105 Beach profiles Beach profiles change in summer and winter in the British Isles. The summer beach is wider and has more generous cover of sand and shingle. Storm waves are less frequent which gives more time for constructive waves to re-nourish the beach. In winter, deposits which form the lower beach are more vulnerable to removal by destructive waves, although the area above the inter-tidal zone can be attacked under storm conditions. This area of summer deposition and winter removal is known as the sweep zone. One big winter storm can have a tremendous impact.

106 Lesson aims: How are bars formed? How are tombolos formed?

107 Landform 3: Bars These form in the same way as a spit initially but bars are created where a spit grows across a bay, joining two headlands. Behind the bar, a lagoon is created, where water has been trapped and the lagoon may gradually be infilled as a salt marsh develops due to it being a low energy zone, which encourages deposition. An example of a sand bar is Slapton Sands in Devon.

108 Spits and bars Favourable conditions for growth:
Bend or change in direction of the coastline Plentiful load Active longshore drift Environments favouring constructive waves. Low energy zones Factors for reducing or stopping growth: Reduction in the supply of sand and shingle Deeper water Stronger river and tidal currents More exposure to storm waves.

109 Landform 4: Tombolos A tombolo is a deposition landform such as a spit or bar which forms a narrow piece of land between an island or offshore rock and a mainland shore, or between two islands or offshore rocks. They usually form because the island causes wave refraction, depositing sand and shingle moved by longshore drift in each direction around the island where the waves meet. An example is Chesil Beach in Dorset.

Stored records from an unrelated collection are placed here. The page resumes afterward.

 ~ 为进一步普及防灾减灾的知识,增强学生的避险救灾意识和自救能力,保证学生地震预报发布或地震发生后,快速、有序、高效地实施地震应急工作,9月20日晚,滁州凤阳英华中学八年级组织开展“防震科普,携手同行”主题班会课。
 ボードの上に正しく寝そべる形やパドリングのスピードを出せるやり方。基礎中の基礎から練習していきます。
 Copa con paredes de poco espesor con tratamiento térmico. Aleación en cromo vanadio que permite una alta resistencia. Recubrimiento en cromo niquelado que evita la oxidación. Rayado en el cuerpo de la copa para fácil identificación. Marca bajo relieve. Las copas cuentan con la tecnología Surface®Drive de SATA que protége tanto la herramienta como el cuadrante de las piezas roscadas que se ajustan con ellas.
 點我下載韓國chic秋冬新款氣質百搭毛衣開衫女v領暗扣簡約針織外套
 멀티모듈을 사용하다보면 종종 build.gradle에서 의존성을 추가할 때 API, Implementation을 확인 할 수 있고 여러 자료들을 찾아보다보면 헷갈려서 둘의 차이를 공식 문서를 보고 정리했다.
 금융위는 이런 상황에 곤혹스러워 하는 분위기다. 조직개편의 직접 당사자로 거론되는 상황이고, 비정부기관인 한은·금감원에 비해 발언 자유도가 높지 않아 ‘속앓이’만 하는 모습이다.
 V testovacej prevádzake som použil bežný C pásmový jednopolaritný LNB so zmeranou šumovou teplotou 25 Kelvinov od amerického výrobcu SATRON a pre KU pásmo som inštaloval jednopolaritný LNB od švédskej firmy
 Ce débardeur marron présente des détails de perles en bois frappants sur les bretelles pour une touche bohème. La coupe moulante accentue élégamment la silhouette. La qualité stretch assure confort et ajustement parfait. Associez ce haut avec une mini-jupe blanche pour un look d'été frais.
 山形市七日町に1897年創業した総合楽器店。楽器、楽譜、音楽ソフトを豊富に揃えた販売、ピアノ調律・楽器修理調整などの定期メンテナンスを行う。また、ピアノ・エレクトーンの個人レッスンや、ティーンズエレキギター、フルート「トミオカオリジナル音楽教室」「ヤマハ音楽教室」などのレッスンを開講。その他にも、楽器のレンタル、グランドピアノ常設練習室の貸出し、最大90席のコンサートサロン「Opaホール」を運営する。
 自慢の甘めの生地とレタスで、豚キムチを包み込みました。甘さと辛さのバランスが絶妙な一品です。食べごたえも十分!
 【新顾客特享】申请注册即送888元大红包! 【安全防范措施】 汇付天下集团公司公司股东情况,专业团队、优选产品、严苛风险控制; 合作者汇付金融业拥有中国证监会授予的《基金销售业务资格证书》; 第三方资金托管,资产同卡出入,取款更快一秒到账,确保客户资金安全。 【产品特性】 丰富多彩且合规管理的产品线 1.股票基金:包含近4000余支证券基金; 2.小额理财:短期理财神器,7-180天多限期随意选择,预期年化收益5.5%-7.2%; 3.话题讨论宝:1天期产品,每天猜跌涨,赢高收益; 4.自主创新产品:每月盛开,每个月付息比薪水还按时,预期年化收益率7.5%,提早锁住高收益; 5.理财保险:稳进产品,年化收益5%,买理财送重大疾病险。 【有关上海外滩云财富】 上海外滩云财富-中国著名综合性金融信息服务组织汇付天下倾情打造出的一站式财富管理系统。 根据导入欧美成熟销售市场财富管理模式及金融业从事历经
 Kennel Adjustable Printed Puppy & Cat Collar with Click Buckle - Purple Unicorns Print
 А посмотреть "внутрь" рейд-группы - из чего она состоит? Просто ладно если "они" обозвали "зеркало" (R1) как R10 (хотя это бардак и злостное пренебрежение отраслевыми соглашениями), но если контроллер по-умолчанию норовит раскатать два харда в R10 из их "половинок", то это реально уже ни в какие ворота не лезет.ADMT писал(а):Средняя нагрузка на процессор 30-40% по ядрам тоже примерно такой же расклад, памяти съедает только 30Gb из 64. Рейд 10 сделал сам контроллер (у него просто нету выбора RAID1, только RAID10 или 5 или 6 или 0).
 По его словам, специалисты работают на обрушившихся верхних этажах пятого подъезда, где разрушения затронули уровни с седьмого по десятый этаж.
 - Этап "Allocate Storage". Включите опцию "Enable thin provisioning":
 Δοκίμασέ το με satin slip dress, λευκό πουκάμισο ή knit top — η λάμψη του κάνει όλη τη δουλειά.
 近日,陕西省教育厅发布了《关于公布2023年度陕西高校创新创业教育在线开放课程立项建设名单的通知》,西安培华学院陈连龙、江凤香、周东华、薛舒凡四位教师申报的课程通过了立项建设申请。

110 Questions Describe and explain the formation of bars.
Describe and explain the formation of tombolos.

111 Landform 2: Spits - A long, narrow ridge of sand attached at one end to the coast. - Built up by long shore drift transporting material along the coast. - At a bend or break (for an estuary) in the coastline the material being carried is dropped. However it is deposited away from the coastline. - As the spit builds out to sea the end is affected more by the wind and by wave currents, causing the end to curve towards the shore, to create a hook end. - Material often accumulates in the area of standing water that occurs behind a spit, and this can lead to the formation of salt marshes. - Spits can be areas where large sand dunes build up, nearer the back of it. An example is Spurn Head, Humberside.

112 Questions 1. How are beaches formed?
2. Explain why beach profiles vary between summer and winter. 2. How are spits formed? 3. For a named example draw an annotated diagram of spit formation.

113 Landform 5: Sand dunes Sand dunes are small ridges or hills of sand found at the top of a beach, above the usual maximum reach of the waves. They form from wind blown sand that is initially deposited against an obstruction such as a bush, driftwood or rock. As more sand particles are deposited the dunes grow in size, forming rows at right angles to the prevailing wind direction. If vegetation, such as Marram Grass and Sand Couch, begins to grow on the dune its roots will help to bind the sand together and stabilise the dunes. An example in Wales is Kenfig Dunes which is a S.S.S.I.